Marcelino miraba aquellas escaleras prohibidas y no pasaba día sin que se hiciera el propósito de subirlas. Pensando, pensando, llegó a redondear su plan:

– Subiré descalzo y con un palo, y antes de apoyar los pies en los escalones, veré por dónde suenan menos.

Como lo pensó, lo hizo. Aprovechó una tarde tranquila en que sólo quedaban dos frailes en el convento. Subía despacio, pero el corazón le latía terriblemente y sólo cuando logró doblar el recodo de la escalera, respiró más tranquilo.
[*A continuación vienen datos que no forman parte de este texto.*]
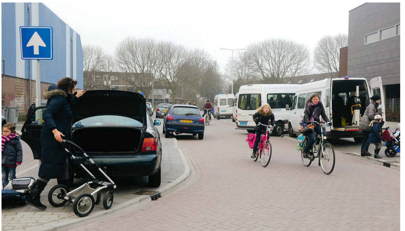
Onveilige situatie rond de scholen in Westerkoog.

lende verkeerssituaties rondom de scholen in Westerkoog in kaart brengen en kijken welke oplossingen er mogelijk zijn.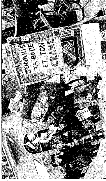
Sous une pluie de papiers, ses membres ont dénoncé pêle-mêle, « gaspillage » et « société de consommation »

H IER, en début d'après-midi, le collectif des « Débouonneurs de Lyon », plus habitué à démonter des succettes publicitaires, a dévotement défilé devant la Fnac, anciennement Le Progrès, des centaines de prospectus. Sous une pluie de papiers, ses membres ont dénoncé pêle-mêle, « gaspillage », « société de consommation », « pollution » et « coûts générés par l'incinération ». Détail de taille : ils ont ensuite ramassé le tout, bien contents de trouver à proximité une grosse poubelle grise.

– ¡Vamos, Manuel! Siguió su ascensión y logró llegar arriba del todo. Abrió con cuidado

la puerta del desván… Había leña seca, cajones vacíos, picos, palas y cacharros viejos. Con todo cuidado se dirigió a la puerta, miró antes por entre las junturas de las maderas y sólo vio mucha oscuridad. Empujó la puerta. El desván tenía un ventanillo pequeñísimo cerrado por el que apenas entraba luz. Había algunas sillas rotas, mesas, maderas y otros muchos cachivaches.

Cuando Marcelino miró a su izquierda, no reconoció al pronto lo que había. Pero, poco a poco, fue viendo la figura de un hombre altísimo, medio desnudo, con los brazos abiertos y la cabeza inclinada hacia él.
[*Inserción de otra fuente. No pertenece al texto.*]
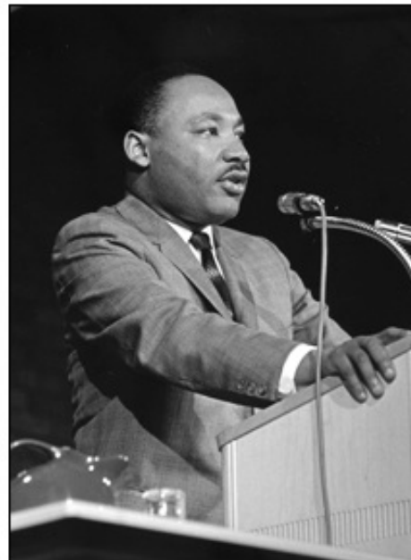
Borec za pravice črnega prebivalstva Martin Luther King (1929 - 1968)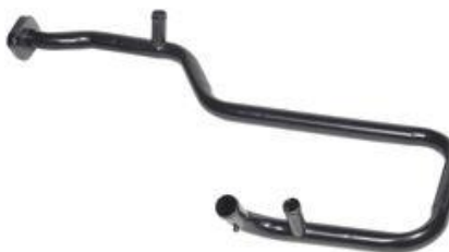
3025, CAÑO CIRCULACION AGUA FIAT DAILY 2.8 TURBO DIESEL, DINAHCOM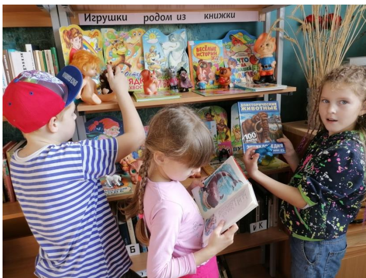
Экспозиция из игрушек – литературных персонажей переросла в мини-музей в библиотеке (проект «Игрушки родом из книжки», Марьинская сельская библиотека, Даниловский район).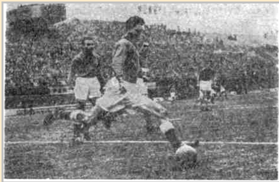
Центар-халф француске репрезентације Хон одбија лопту у поље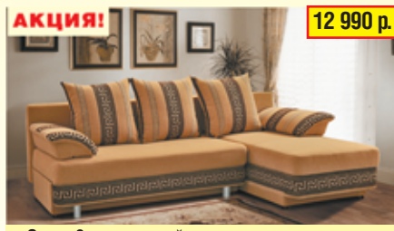
«Олимп-3» , трехместный диван-кровать с механизмом «еврокнижка», два ящика для белья, разм. 2190*790*930*1360, с/м 2190*1320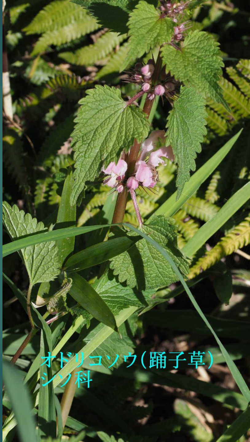
オドリコソウ (踊子草) シソ科

Marcelino estuvo a punto de soltar un grito de terror. ¡Luego, no le habían engañado los frailes! ¡Luego había allí un hombre, que a lo mejor se lo llevaba para siempre! Entonces sacó la cabeza de un tirón, cerró de golpe y bajó alocadamente las escaleras. Cuando salió al campo, se dejó caer junto a un árbol.

– ¡Era verdad, Manuel! ¡Hay un hombre en el desván!

Unos días después, Marcelino seguía pensando en el hombre del desván. El terror que había padecido cuando lo vio y la pena que le producía pensar que el hombre pudiera estar enfermo, además de desnudo y solitario allá arriba, le aumentaban los deseos de subir otra vez a verlo.

Tenía ya su plan: una tarde, algo fresca y sin sol, aprovechó la

ausencia de la mayoría de los frailes y, sigilosamente, subió las escaleras.

– ¡Ten cuidado, Manuel!

Esta vez fue directamente hacia el desván. Abrió con precaución la puerta y estuvo escuchando. Pero, guardando tanto silencio, sólo podía oír los latidos de su corazón. Abrió un poco más la rendija y pudo distinguir al gran hombre. Estaba igual que la otra vez y no se le oía respirar.

Para ver si hacía algo, Marcelino metió su palo por la rendija y lo dirigió hacia él con mucho miedo. El palo golpeó a los pies del mismo hombre y no pasó nada. Seguramente aquel hombre estaba enfermo o quizá muerto. Marcelino se decidió a entrar, no sin antes volver la cabeza hacia la escalera.

– ¡No dejes de avisarme, Manuel, si viene algún fraile!

Después se fue acercando, palo en ristre, hasta el pie del ventanuco y lo abrió. En seguida miró a donde estaba el hombre. Marcelino no había visto jamás un crucifijo tan grande, con un Jesucristo del tamaño de un hombre de veras, clavado a la cruz, tan alto como un árbol.

Se acercó al pie de la cruz , mirando con fijeza a la cara del Señor, la

sangre que le goteaba por la frente por las heridas de la corona de espinas, las manos y los pies clavados al madero, y las llagas del costado, y sintió llenársele los ojos de lágrimas.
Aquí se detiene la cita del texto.